Gloo, a software company, has priced its initial public offering at $3.25 per share. The company plans to sell 7 million shares in the IPO, raising approximately $22.75 million in gross proceeds before underwriting fees and expenses.
The offering values Gloo at roughly $150 million on a fully diluted basis at the IPO price, placing the company in the micro-cap category alongside other early-stage software providers. The shares will trade on a major U.S. exchange following the deal's close, though the specific listing venue was not detailed in the announcement.

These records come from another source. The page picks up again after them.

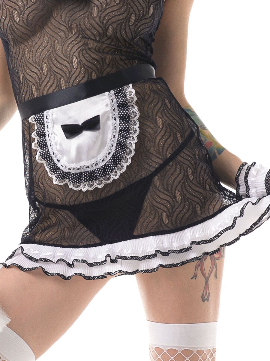 Костюм сексуальной прислуги внесет разнообразия в вашу сексуальную жизнь. Предстать в таком наряде перед любимым - значит воплотить в жизнь все его потаенные желания. Каждый мечтает овладеть горничной в сексуальном миниатюрном платьице, развратных чулочках, кружевном передничке, под который так и хочется заглянуть, и длинных перчатках. В комплекте: головной убор, передник, платье, перчатки, чулки в сетку.
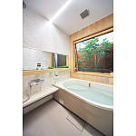 緑の木々を眺めながらゆったりお風呂に入りたいというご主人の希望をかなえたN様邸。外構と浴室をあわせてプランニングし、坪庭の見えるお風呂が完成。浴室から続く洗面脱衣室を裏の押し入れ側に広げ、明るく開放的な水廻り空間が生まれました。
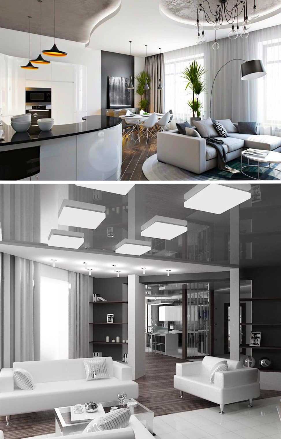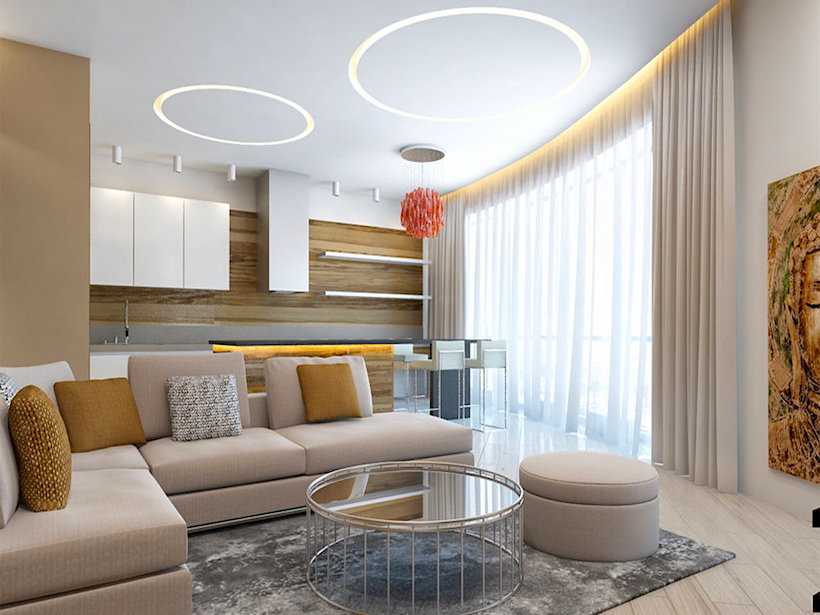 Разноуровневые конструкции прекрасно справятся со зрительным зонированием кухни, совмещенной с гостиной. С помощью перепадов высоты, разной цветовой гаммы, фактуры или освещения получается гармонично разделить пространство в студии.

Gloo operates in the software development and application management space, competing with larger established players in enterprise software. At $3.25 per share, the company priced its IPO at the lower end of expectations for growth-stage software companies, reflecting cautious investor sentiment toward newly public tech firms. Recent IPO activity has slowed considerably from pandemic-era peaks, with investors demanding lower valuations and clearer paths to profitability before committing capital to unproven businesses.
The 7 million share offering represents a controlled first-time entry to public markets. Underwriting fees typically consume 3 to 7 percent of gross IPO proceeds for companies of this size, meaning Gloo will net roughly $21.1 million to $22 million after fees. The company intends to deploy these proceeds toward product development, sales expansion, and general corporate purposes.
IPOs in the $20 million to $25 million range have become increasingly common as smaller technology firms seek capital alternatives to traditional venture funding. Rising interest rates and tighter venture capital availability have pushed companies toward public markets earlier, even at modest valuations.
The IPO comes as the software sector navigates mixed earnings reports and macro headwinds. Enterprise spending on software continues but at a slower pace than 2021 and 2022, forcing smaller players like Gloo to prove revenue growth and customer retention metrics to attract institutional buyers.
Investors watching Gloo should monitor the company's first earnings report and customer acquisition costs. Software IPOs of this scale typically remain thinly traded initially, creating wide bid-ask spreads and elevated volatility for early traders.